Assignment — In this exercise, the entries below include pictures. Repeat exactly the lines from the line with "Figure 9 – Schofield (2015)" to the line with "To sum up the", including both, but without the pictures.

======== Task input ========

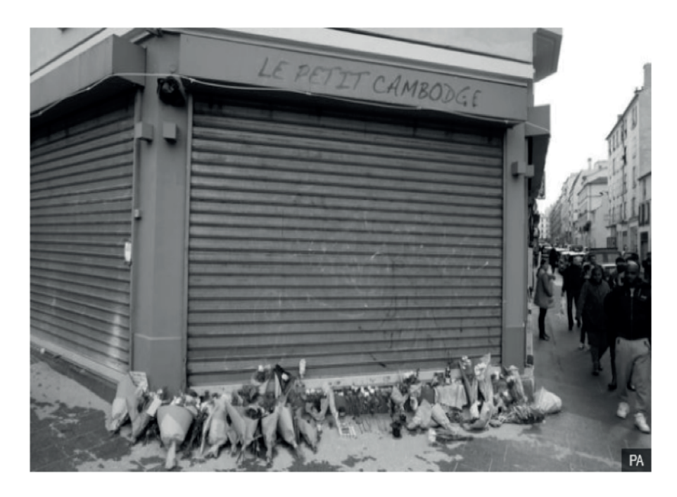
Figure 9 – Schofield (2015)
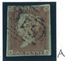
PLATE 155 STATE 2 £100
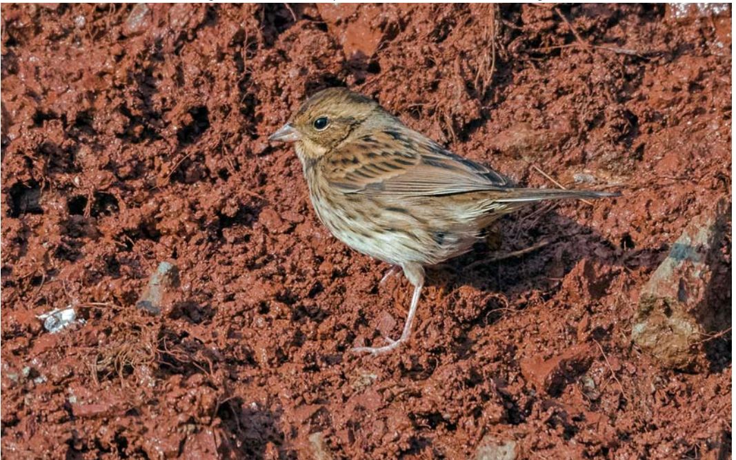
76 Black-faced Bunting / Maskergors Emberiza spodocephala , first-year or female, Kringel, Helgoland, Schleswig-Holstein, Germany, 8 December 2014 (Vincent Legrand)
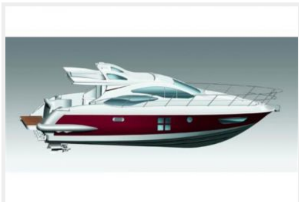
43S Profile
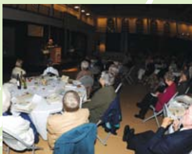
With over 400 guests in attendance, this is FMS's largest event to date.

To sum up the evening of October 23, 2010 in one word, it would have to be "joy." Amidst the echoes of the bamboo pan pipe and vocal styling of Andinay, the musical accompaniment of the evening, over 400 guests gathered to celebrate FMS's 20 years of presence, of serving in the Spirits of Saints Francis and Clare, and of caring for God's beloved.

========
======== Task input ========

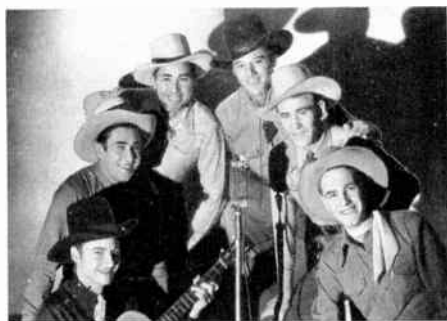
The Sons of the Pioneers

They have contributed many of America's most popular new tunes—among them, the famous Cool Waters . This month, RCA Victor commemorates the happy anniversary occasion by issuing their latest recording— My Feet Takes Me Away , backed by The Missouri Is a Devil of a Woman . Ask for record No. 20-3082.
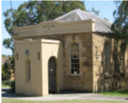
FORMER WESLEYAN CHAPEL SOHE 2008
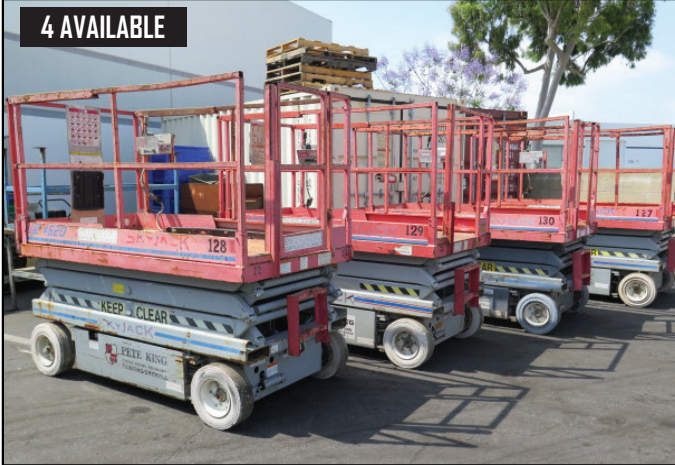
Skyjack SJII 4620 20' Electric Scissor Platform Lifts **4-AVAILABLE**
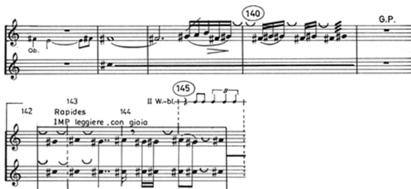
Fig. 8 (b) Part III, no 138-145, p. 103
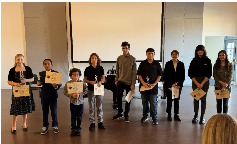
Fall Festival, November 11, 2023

========
======== Task input ========

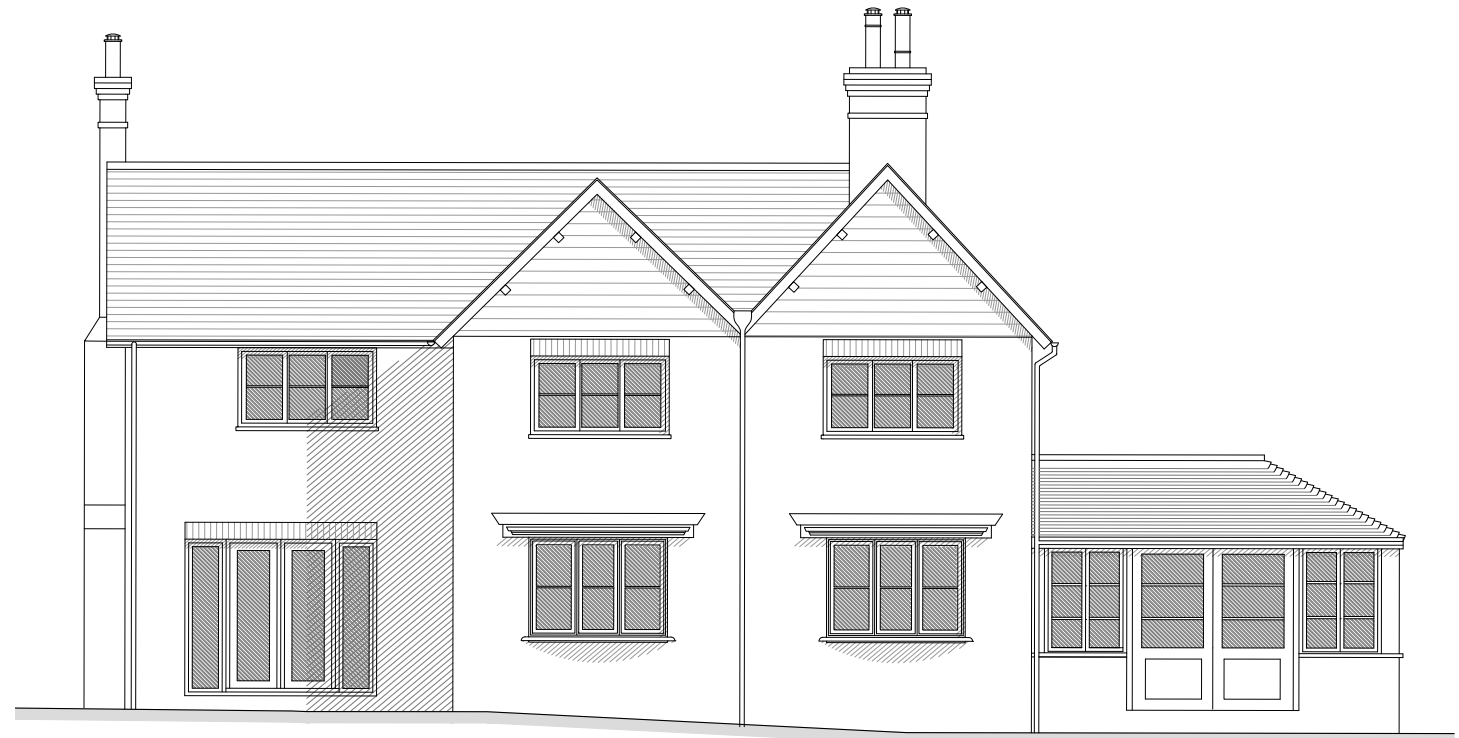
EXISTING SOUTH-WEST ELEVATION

========

Written answer —
Figure 9 – Schofield (2015)
PLATE 155 STATE 2 £100
76 Black-faced Bunting / Maskergors Emberiza spodocephala , first-year or female, Kringel, Helgoland, Schleswig-Holstein, Germany, 8 December 2014 (Vincent Legrand)
43S Profile
With over 400 guests in attendance, this is FMS's largest event to date.

To sum up the evening of October 23, 2010 in one word, it would have to be "joy." Amidst the echoes of the bamboo pan pipe and vocal styling of Andinay, the musical accompaniment of the evening, over 400 guests gathered to celebrate FMS's 20 years of presence, of serving in the Spirits of Saints Francis and Clare, and of caring for God's beloved.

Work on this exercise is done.